Even though this is much better than my first attempt, I still
figured I could do better. One way to improve speed on every
microcontroller is to bypass whatever SDK libraries are in
use. On basically all platforms, there is at least one layer of
indirection between the interrupt vector and the actual
interrupt service routine, plus, using functions
like bflb_gpio_set()
adds overhead because of the
function call and any error checks, if implemented. I decided to
modify the lowest level interrupt handler to set the pin high as
fast as possible.
Microcontroller SDKs usually provide basic startup and vector
table code to be compiled into your project. For the m0 core on
the BL808, these are stored in the Bouffalo SDK directory,
at drivers/soc/bl808/std/startup/m0
. We want the
file vector.S
, which has the RISC-V assembly code
for the function default_interrupt_handler
. This
function is called by the RISC-V core itself when an interrupt
occurs, and saves registers before jumping to the SDK interrupt
handler.
With 3 lines of assembly, we can make this function set the
output GPIO pin high and optimize the interrupt response as much
as possible. Place these three lines just beneath the default_interrupt_handler:
label:
li t0, 0x20000aec // location of register gpio_cfg138
li t1, 0x1000000 // set pin 24 high
sw t1, 0(t0)
(My syntax highlighter doesn't
have a RISC-V assembly mode!) This code loads the address of
the gpio_cfg138
register into temporary register 0
and the number 0x1000000
into temporary register 1,
then writes the contents of t1 to the memory location in
t0. gpio_cfg138
is a set/reset register on the
BL808 GPIO, so setting bits in this register causes GPIO pins to
go high and clearing bits causes pins to go
low. 0x1000000
is equal to 1 <<
24
, which, when written to gpio_cfg138
, will
make GPIO 24 go high.
I did not modify the interrupt service routine, because we still
need to clear the interrupt
with bflb_gpio_int_clear()
.
152 nanoseconds. The timing for this attempt was as stable as attempt 2.
There you have it. Like usual, if you get your hands dirty in assembly, you can make the computer go really fast.

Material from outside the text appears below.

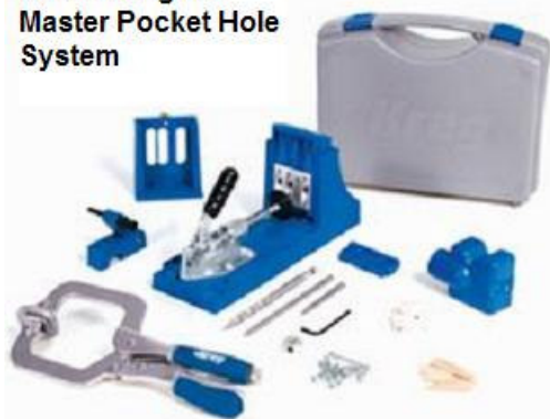
Lot 4 - Kreg K4 Master Pocket Hole System

Lot 4 (left): Kreg K4 Master Pocket Hole Jig System. Retail Value $149.99. From Kreg Tool Company.

I did this same interrupt speed test a while ago on an STM32F405 Feather running at full speed (168 MHz) under the Cube framework. The fastest I got this chip to respond was 172 ns:
I didn't even have to go into assembly to get this. The STM32Cube framework provides for a versatile interrupt handler, but you can also edit the actual interrupt vector function in C (no assembly required!). I just added a write to the GPIO set/reset register at the start of the interrupt vector function to get this speed.
I think that the BL808 could respond faster than what I got. The m0 core is almost twice as fast as the STM32F405 but is only a little bit faster at responding to interrupts. There are many factors that could cause this: caching, peripheral bus speeds, and the time it takes a specific CPU to respond to an interrupt, to name a few. Hopefully documentation improves for the BL808 and and I'll be able to create a more definitive description of the chip configuration for this experiment.
I hope you enjoyed this exploratory writeup. I'll try to update this post if I get any more cool microcontroller boards.